View Full Version : Python globals (in django)



[h2o]
July 16th, 2008, 01:42 PM
I have a website written with django.
The webapplication need to start jobs (as in run shell commands) on the webserver and take care of the output.
Since the jobs can take a long time (minutes to hours depending on data) it is not feasible to wait for the output before transmitting back to the server.

So what I thought was to register all new jobs in a "ExecutionManager" object which then runs the jobs, and can also be queried on the status of a job.
Writing that piece of code is no problem, but getting it to communicate with django is.

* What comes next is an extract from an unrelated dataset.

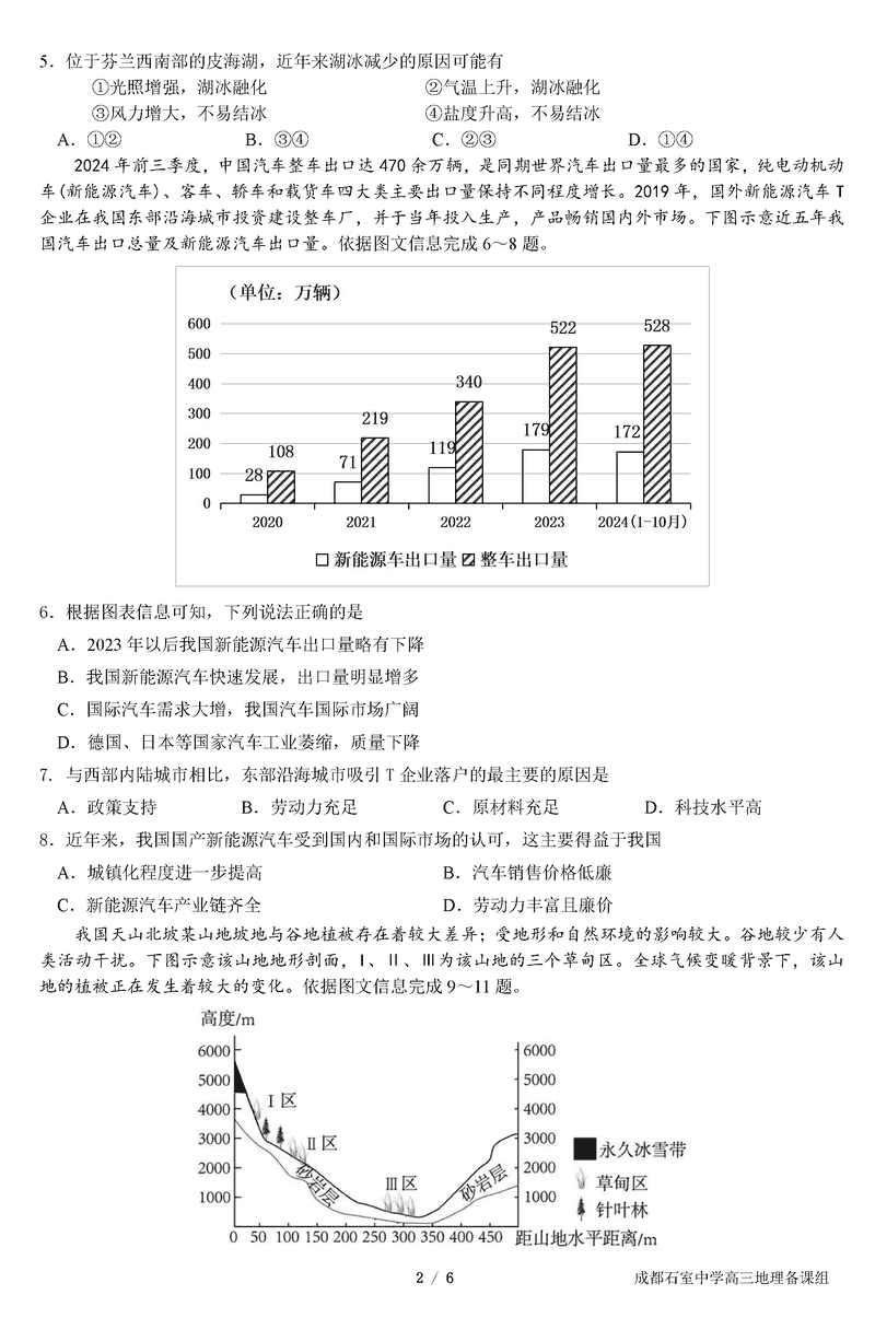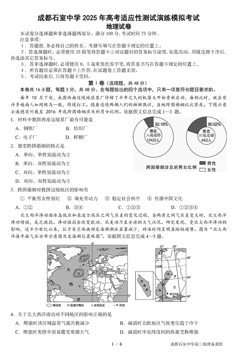 成都石室中学2025年高考适应性测试演练八省联考模拟地理试题及答案

I tried putting the file in my django app dierctory "mysite/myapp/executionmanager.py" and then I do:
mysite/myapp/__init__.py

from executionmanager import ExecutionManager
executer = ExecutionManager()
and
mysite/myapp/views.py


from myapp import executer

# Lots of views here
...

def my_view(request):
job = get_job_from_request(request)
executer.add_job(job)
...


I am sure I have used globals in that way before, but it just doesn't seem to work right now. Am I missing something fundamental about how python handles globals (then I reeeeally want to know :)) or is it django (or the way the web works) that makes it hard for me?

pmasiar
July 16th, 2008, 03:06 PM
I am not sure how globals are related to this.

What I would do is to use Django as gui frontend to create/edit items in table queue. Then, completely separately from django, create commandline program to (1) check database table queue, (2) perform requested calculations (if any) one by one, (3) save the files, and (4) mark item as completed (and (5) each application advanced enough has to send email, of course :-) ). Then set this program as cron job starting every x minutes. Then user can later come back to your Django app, check queued tasks, see which are completed, and get the files.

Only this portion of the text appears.